Juanita and I had a small part in the efforts. She stuffed gift bags and sorted things for over a month. I helped a bit with cleaning up the limo as a door prize and doing other prep work. Others did more, but everybody pitched in before and during to make the day a success.
On the day of the event Juanita helped man a booth with blood pressure tests, blood sugar tests and referral to additional resources. I handed out tracts at first and then emptied garbage drums once they filled up. They filled quickly and usually had a couple of gallons of juice from leftover ice and pop.
I had dressed for handing out tracts so was very fastidious in how I handled the giant plastic bags and managed to do it only contaminating my hands and arms and not my clothes. It would have been amusing for anybody to watch my contortions to avoid soiling my clothes (except my shoes which weren't allowed back in the rig at the end of the day), but I don't think anybody noticed. That's the nature of crowds and self absorbtion. As a sign in a Gaping Void cartoon said "Welcome to Nobody Cares. Population 7 billion".
In between rounds of trash bag removal I washed my hands and arms and handed out more curved illusion tracts.
Sunday was a day off.
Monday we cleaned up the CJF grounds and helped load stuff going back to the warehouse.
We arranged for completion of our kayak lessons but somehow never managed to connect with UB Captain. The renos are complete but the store remains locked and voice mails unreturned. Promises made when the phone accidently gets answered fall short of fulfillment. Never pay all the money for part of the course is probably good advice. Pretty amateur behavior from me. One would expect more from a cynical old MBA like me.
Speaking of which, as an MBA, and somebody who grew up in a bookkeeping office I still haven't figured out the business model that has kept this shop around longer than its competition. I will be amazed if it is still there in two years. Not that I wish the guy ill - he is very personable. I just don't understand how it can be run that way and make money and stay in business. Maybe this is the off season and I am not seeing the profitable, busy times and my perspective is distorted by experiencing ourselves and others parking in the parking lot, trying the locked door only to go back to the car and drive away looking unhappy.
Oh well, we had a nice day on the beach at SP Island while playing telephone tag and ran some errands on the way to and from the island.
Maybe someday we'll connect and complete the lessons and get some alone time on the water with the rest of the kayak time we paid for.
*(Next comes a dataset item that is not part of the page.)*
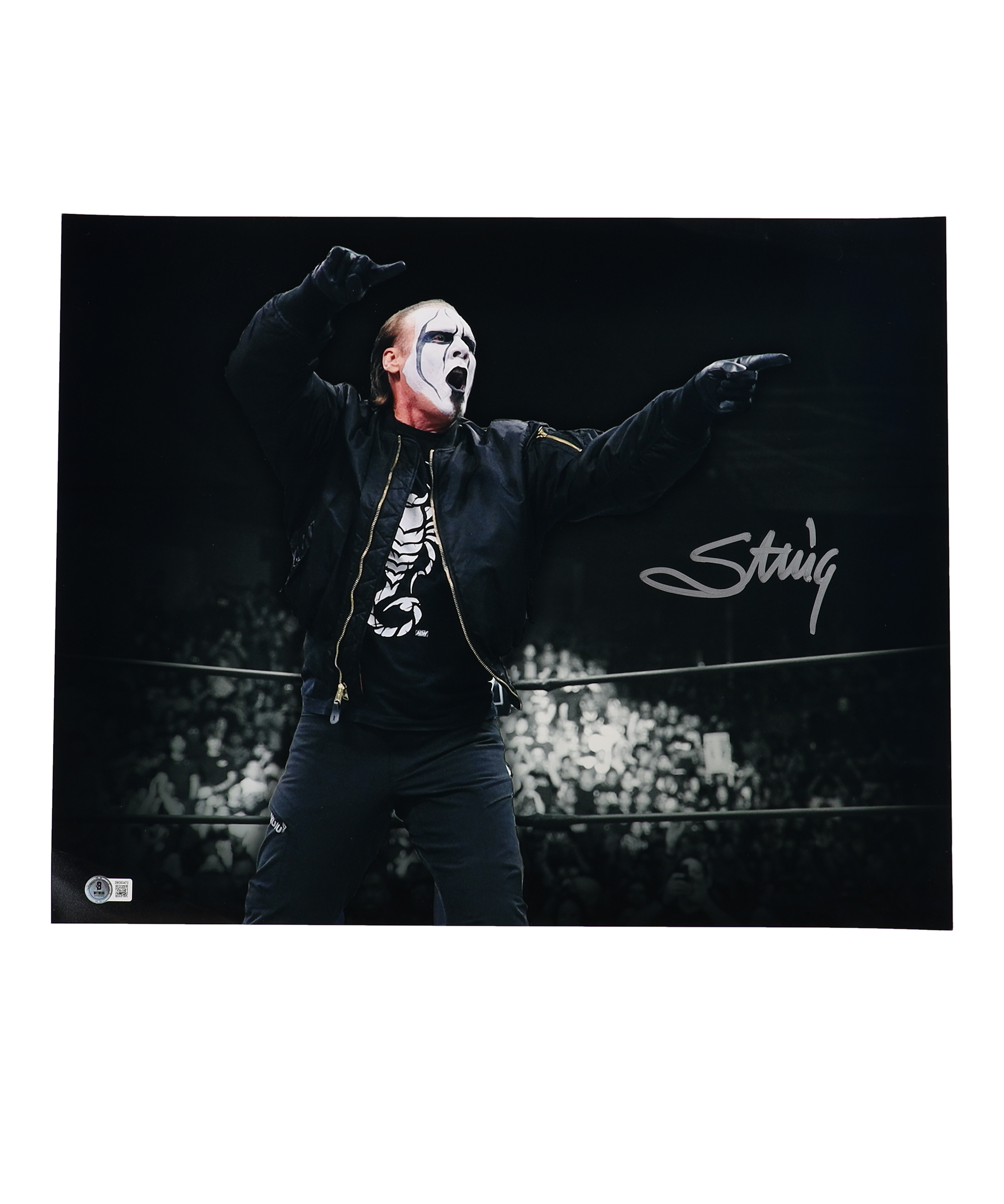 Photo measures approximately 16" x 20" in size and has been hand-signed by Sting (HOF).

If not I still have to figure out how to get my $30 SEV tee-shirt back that I left in their changing room at the first lesson.
We joined the Way of the Cross staff for Thanksgiving Dinner. Juanita took part more than I did. Some sort of bug had kept me up most of the night so I wandered over, took small portions and, skipping dessert, headed back to a comfy chair and a good book where I dozed the afternoon away. Still, much to be grateful for.
Bounder Motorhome - part of SOWER December Project
It looks worse in real life than in the pictures. It needs help. A lot of help.
First step will be to remove everything from the roof and all the old roofing. Second step will be to install new roofing and re-install the stuff taken off - vents, skylight, antenna and air conditioners with the old ones if they survived the removal.
Should keep the SOWERS busy for a few days next month. Fortunately we are not the only SOWER couple here in December.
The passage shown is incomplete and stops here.